> [Data provided]:

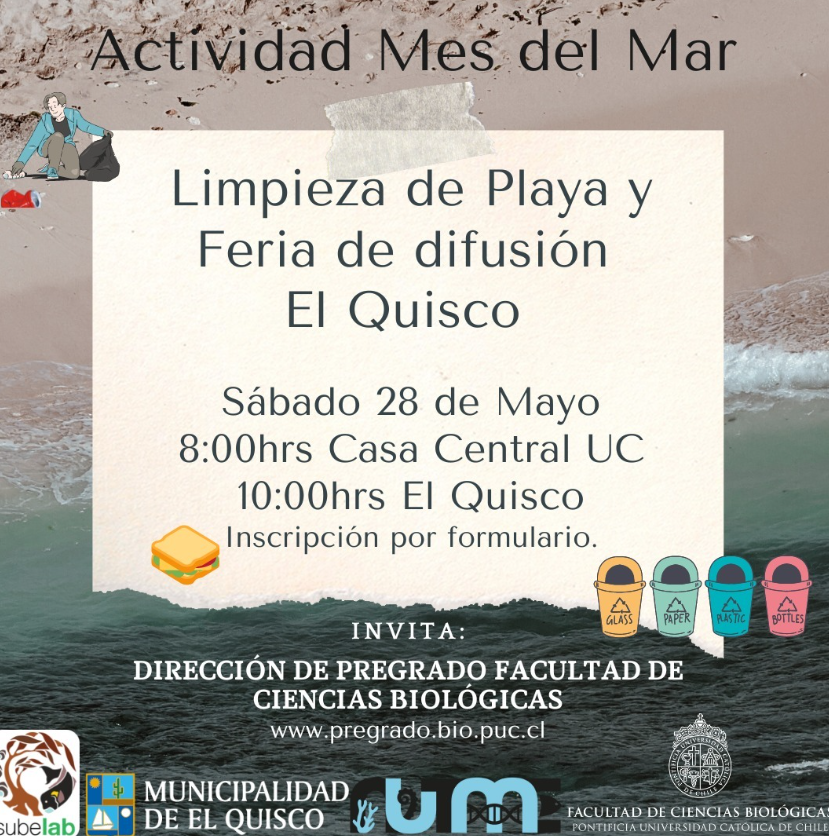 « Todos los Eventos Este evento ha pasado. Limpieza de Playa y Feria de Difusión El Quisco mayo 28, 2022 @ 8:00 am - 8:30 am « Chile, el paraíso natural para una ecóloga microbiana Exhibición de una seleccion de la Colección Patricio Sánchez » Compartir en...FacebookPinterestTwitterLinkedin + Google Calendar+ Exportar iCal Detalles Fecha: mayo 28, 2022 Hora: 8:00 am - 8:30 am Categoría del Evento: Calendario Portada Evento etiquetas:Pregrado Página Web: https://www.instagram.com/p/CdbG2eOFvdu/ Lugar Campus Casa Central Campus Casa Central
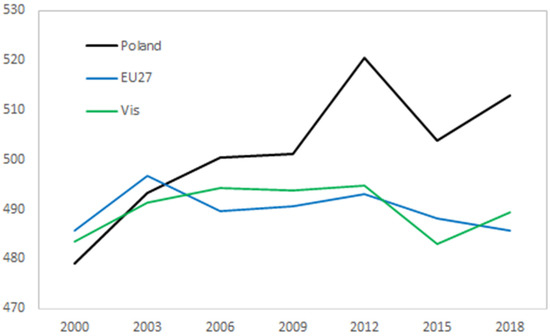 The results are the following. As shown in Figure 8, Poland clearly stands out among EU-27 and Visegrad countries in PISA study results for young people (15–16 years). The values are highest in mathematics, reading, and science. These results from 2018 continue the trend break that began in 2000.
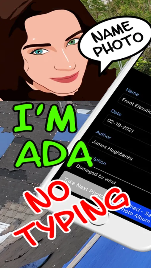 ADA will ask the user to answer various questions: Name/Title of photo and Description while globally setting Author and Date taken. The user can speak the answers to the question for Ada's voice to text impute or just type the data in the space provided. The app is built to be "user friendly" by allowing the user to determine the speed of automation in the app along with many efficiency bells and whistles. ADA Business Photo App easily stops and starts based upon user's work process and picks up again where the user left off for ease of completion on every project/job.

> [Brief]:
Copy out every line of the material above precisely, omitting the pictures.

> [Written response]:
 « Todos los Eventos Este evento ha pasado. Limpieza de Playa y Feria de Difusión El Quisco mayo 28, 2022 @ 8:00 am - 8:30 am « Chile, el paraíso natural para una ecóloga microbiana Exhibición de una seleccion de la Colección Patricio Sánchez » Compartir en...FacebookPinterestTwitterLinkedin + Google Calendar+ Exportar iCal Detalles Fecha: mayo 28, 2022 Hora: 8:00 am - 8:30 am Categoría del Evento: Calendario Portada Evento etiquetas:Pregrado Página Web: https://www.instagram.com/p/CdbG2eOFvdu/ Lugar Campus Casa Central Campus Casa Central
 The results are the following. As shown in Figure 8, Poland clearly stands out among EU-27 and Visegrad countries in PISA study results for young people (15–16 years). The values are highest in mathematics, reading, and science. These results from 2018 continue the trend break that began in 2000.
 ADA will ask the user to answer various questions: Name/Title of photo and Description while globally setting Author and Date taken. The user can speak the answers to the question for Ada's voice to text impute or just type the data in the space provided. The app is built to be "user friendly" by allowing the user to determine the speed of automation in the app along with many efficiency bells and whistles. ADA Business Photo App easily stops and starts based upon user's work process and picks up again where the user left off for ease of completion on every project/job.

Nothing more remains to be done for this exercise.